The genesis for the amendment came from the Law Commission, which was concerned that the approach of the Courts was causing inconsistency between the criminal law’s approach to mixed funds and the principle applied in civil law (in particular civil recovery proceedings under Part 5 of POCA), that only funds derived from unlawful conduct are recoverable, regardless of whether they are mixed with legitimate income. This was thought to be unfair. But if banks are able to preserve funds equivalent to the value of the funds that are suspected to be criminal, rather than restricting the totality of funds, that would prevent unnecessary and unfair economic loss for customers while fulfilling POCA’s purpose of preventing dealing in criminal property.
As a result, the new section 183 of the ECCTA, amending sections 327, 328 and 329 of POCA, means that a bank that suspects criminal property is mixed with otherwise legitimate funds held for a client will not risk committing an offence if it isolates a sum equal to the value of the suspected criminal funds and continues to allow the client to transact with the legitimate funds. The bank will not need to rely on obtaining NCA consent to process transactions of the non-ringfenced funds. However, the bank will still be required to make a disclosure to the NCA of the sums suspected to be criminal property, regardless of whether it is seeking consent to deal with those funds.

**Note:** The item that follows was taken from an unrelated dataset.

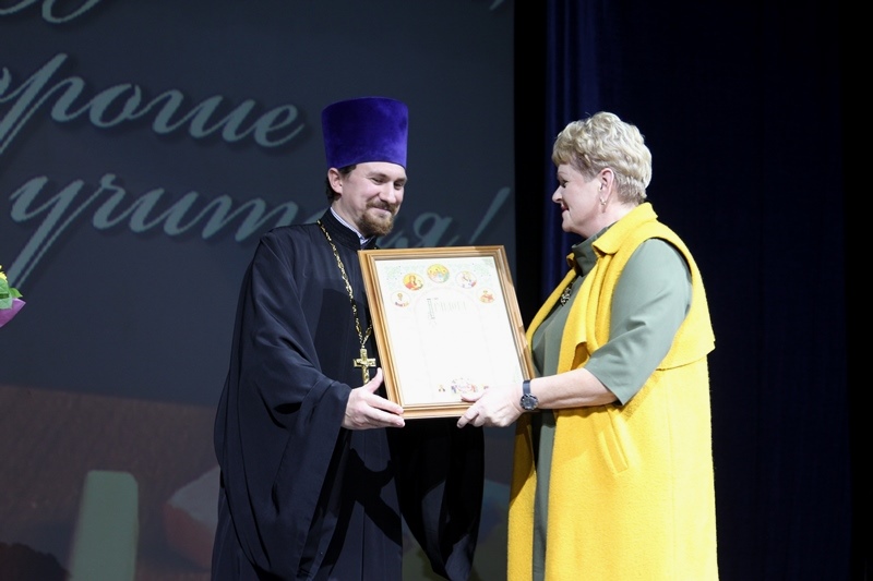 Отец Николай вручил грамоты учителям за активное сотрудничество с Видновским благочинием в сфере духовно-нравственного воспитания и образования, пожелал помощи Божией и творческого вдохновения в нелёгком труде воспитания подрастающего поколения.

The new exemption puts to rest the uncertainty that has beset this area of the AML regime for over two decades, and hopefully puts an end to the economic harm to individuals and businesses (including innocent third parties) shut out of their accounts, rendering them unable to meet their financial obligations. While certain unavoidable challenges of mixed funds will remain, such as the practical difficulty of identifying the amount to ringfence where the value of criminal property is not easily ascertainable, the reform is a welcome (albeit long overdue) development that should finally give banks the confidence required to adopt a more pragmatic approach to mixed property. Banks will probably move slowly to change their practices, and there may be some resulting litigation, but over time, the regime should become fairer to all.
1 Proceeds of Crimes Act 2002, s.340(3).
2 Economic Crime and Corporate Transparency Act 2023 (Commencement No. 1) Regulations 2023, Regulation 3(f).
3 Sections 327 (“Concealing etc”), 328 (“Arrangements”) and 329 (“Acquisition, use and possession”).
4 Unreported, 18 October 1999,  10 WLUK 542.
5 Indeed, once the reasonable grounds for the suspicion or knowledge arise (see POCA, s.330(2)).
6 Criminal Finances Act 2017, s.10(2) amended section 334 of POCA to enable extensions to the moratorium period of up to a maximum of 186 days.